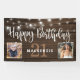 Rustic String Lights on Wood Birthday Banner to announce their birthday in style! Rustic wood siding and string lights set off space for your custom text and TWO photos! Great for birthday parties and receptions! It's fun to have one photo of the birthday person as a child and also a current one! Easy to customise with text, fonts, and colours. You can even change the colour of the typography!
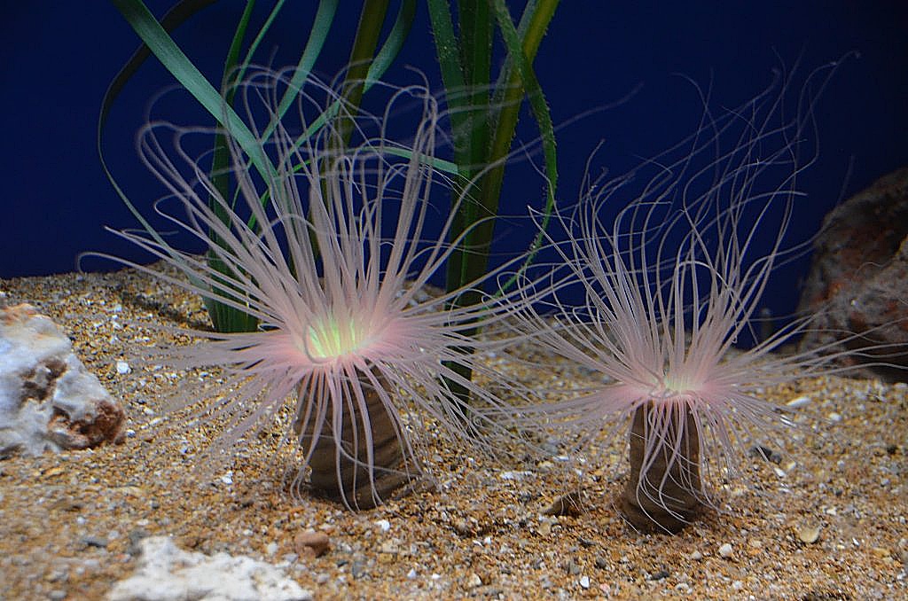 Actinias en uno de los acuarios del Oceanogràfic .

───

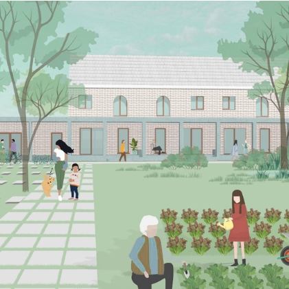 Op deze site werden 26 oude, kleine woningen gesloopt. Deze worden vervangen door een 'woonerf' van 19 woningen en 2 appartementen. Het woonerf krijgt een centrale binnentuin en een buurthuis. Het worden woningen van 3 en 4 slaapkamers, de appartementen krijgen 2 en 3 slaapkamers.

───

## What to work on
Everything above from the line with "Rustic String Lights" through the line with "Actinias en uno" should be retyped exactly, and nothing else; omit pictures.

## Exercise response
 Rustic String Lights on Wood Birthday Banner to announce their birthday in style! Rustic wood siding and string lights set off space for your custom text and TWO photos! Great for birthday parties and receptions! It's fun to have one photo of the birthday person as a child and also a current one! Easy to customise with text, fonts, and colours. You can even change the colour of the typography!
 Actinias en uno de los acuarios del Oceanogràfic .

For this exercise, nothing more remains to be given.